● **WHAT IS BEING ASKED**
The word "Hair" occurs in some lines of the data. Return each such line.

● **PROVIDED ENTRIES**

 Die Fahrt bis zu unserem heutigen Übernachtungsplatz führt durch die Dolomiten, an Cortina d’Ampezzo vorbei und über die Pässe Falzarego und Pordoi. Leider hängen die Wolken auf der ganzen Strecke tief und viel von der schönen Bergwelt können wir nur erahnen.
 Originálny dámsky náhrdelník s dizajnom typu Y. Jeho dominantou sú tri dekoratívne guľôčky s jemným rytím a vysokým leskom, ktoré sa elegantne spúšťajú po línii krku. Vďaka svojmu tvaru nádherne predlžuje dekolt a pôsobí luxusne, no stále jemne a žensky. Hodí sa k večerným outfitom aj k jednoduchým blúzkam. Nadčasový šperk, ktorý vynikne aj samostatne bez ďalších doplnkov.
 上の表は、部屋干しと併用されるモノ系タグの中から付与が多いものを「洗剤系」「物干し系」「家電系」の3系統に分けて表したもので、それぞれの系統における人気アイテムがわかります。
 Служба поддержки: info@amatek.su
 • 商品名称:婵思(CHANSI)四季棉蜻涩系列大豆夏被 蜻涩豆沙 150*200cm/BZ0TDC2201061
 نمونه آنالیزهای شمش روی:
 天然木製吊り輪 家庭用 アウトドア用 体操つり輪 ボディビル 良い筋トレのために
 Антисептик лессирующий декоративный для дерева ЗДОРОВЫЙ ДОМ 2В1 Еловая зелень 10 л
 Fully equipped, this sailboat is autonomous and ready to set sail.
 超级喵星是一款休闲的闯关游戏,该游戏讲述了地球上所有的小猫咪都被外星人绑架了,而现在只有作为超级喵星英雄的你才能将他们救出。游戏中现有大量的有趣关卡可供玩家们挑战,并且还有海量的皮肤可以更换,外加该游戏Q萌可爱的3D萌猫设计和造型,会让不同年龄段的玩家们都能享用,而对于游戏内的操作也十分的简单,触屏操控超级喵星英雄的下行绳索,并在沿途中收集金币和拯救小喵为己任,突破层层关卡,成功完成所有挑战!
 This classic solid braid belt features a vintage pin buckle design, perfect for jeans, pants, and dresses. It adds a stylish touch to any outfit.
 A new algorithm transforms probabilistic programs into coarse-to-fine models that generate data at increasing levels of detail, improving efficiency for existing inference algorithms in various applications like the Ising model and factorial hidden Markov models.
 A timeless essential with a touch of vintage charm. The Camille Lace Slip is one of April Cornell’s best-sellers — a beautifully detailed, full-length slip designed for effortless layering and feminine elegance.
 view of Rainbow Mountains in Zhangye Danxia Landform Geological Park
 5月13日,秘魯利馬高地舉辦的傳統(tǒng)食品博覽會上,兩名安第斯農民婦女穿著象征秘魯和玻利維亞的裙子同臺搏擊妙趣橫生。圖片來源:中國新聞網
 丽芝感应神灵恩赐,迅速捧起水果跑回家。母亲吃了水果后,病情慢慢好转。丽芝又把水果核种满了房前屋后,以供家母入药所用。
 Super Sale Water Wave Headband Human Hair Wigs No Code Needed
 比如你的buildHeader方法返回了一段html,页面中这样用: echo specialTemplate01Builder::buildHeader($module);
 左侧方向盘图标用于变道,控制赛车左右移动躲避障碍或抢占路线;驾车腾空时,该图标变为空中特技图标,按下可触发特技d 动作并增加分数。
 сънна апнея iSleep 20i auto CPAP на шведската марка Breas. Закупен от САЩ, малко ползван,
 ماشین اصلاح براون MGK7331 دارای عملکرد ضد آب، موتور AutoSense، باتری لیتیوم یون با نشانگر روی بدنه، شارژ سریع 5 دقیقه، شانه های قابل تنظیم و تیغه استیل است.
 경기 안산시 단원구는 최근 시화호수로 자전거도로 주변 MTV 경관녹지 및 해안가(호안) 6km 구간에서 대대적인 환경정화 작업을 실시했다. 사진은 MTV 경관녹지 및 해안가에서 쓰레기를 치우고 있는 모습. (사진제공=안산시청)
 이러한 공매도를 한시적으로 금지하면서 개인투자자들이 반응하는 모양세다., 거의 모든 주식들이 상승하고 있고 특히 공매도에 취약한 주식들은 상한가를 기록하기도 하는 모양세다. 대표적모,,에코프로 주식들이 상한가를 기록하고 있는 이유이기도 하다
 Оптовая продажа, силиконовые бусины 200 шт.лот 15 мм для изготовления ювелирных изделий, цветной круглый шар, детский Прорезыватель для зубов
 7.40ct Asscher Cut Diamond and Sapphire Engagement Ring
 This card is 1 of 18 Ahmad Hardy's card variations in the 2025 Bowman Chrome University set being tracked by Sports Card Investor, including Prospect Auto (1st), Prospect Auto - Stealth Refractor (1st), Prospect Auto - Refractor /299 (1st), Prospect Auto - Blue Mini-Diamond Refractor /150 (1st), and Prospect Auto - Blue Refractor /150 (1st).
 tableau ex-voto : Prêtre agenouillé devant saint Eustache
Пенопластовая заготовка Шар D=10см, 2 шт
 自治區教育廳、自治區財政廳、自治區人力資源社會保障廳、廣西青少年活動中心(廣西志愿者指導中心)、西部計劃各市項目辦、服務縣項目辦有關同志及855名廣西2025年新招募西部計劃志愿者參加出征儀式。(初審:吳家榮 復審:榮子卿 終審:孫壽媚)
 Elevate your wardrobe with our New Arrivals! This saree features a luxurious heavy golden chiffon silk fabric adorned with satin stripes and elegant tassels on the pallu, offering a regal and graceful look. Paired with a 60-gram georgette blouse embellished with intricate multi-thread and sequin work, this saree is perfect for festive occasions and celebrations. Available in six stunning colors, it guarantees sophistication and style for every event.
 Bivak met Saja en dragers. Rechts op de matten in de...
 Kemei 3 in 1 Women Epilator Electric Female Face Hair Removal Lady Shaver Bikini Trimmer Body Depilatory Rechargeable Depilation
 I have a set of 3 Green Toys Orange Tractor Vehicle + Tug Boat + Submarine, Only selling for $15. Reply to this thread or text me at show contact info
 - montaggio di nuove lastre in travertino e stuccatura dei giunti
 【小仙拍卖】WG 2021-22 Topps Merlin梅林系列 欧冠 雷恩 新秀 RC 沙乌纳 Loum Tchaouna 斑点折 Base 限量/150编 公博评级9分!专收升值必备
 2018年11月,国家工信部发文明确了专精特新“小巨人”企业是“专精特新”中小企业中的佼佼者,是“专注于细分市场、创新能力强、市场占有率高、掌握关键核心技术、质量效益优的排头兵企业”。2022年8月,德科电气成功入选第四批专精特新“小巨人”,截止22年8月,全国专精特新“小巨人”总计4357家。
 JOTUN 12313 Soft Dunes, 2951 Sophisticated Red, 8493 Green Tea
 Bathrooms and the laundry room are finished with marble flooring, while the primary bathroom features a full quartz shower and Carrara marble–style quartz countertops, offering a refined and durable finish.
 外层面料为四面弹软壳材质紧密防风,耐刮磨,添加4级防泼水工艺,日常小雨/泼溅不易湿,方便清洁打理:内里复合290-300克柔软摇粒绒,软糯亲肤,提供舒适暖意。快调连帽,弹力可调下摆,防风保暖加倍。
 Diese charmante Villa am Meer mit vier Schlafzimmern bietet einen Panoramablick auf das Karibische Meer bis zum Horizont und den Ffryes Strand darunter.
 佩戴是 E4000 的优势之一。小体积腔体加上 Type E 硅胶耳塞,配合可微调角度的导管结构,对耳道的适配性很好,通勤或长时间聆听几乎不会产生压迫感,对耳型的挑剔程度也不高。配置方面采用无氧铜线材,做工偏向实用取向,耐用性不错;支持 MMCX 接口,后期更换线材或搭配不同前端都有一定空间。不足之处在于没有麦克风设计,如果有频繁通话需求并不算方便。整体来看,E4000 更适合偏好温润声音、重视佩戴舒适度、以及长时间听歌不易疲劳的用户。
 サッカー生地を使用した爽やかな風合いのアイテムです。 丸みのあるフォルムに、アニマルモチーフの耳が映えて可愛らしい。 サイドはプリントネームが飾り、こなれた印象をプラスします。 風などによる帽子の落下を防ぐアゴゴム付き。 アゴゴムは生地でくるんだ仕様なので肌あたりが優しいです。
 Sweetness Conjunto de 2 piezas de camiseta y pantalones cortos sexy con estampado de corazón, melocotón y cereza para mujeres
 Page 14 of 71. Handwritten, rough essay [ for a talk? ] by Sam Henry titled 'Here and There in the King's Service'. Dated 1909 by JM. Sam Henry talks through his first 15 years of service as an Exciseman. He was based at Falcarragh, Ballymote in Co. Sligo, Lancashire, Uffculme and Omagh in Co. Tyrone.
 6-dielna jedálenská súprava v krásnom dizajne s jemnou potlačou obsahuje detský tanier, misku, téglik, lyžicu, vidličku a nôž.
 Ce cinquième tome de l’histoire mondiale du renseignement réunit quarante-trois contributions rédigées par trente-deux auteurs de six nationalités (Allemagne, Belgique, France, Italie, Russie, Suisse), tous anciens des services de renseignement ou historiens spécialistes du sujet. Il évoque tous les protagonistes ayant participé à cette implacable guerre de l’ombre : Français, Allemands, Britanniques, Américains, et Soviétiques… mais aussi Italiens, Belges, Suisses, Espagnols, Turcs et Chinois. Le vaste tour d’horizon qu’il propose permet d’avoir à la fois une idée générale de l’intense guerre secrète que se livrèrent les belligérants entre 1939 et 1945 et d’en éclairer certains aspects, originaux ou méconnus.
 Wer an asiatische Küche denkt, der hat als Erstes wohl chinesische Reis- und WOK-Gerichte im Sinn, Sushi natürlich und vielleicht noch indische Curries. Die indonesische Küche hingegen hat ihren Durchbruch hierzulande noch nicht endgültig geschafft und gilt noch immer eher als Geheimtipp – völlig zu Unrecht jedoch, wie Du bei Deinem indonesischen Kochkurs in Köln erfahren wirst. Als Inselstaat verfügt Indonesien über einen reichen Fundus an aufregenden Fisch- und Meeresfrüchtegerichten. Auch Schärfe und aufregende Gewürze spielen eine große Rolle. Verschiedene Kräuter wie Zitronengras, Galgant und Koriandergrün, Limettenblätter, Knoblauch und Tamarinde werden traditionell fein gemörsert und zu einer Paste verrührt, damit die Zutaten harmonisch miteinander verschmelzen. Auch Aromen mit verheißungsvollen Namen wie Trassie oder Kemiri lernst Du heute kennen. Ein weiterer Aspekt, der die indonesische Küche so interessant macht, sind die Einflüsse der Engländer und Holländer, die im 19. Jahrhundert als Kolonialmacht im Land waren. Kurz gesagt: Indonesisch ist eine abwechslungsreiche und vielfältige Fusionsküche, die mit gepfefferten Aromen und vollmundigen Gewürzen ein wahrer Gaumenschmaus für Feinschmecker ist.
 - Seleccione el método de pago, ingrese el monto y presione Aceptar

● **SOLUTION**
 Super Sale Water Wave Headband Human Hair Wigs No Code Needed
 Kemei 3 in 1 Women Epilator Electric Female Face Hair Removal Lady Shaver Bikini Trimmer Body Depilatory Rechargeable Depilation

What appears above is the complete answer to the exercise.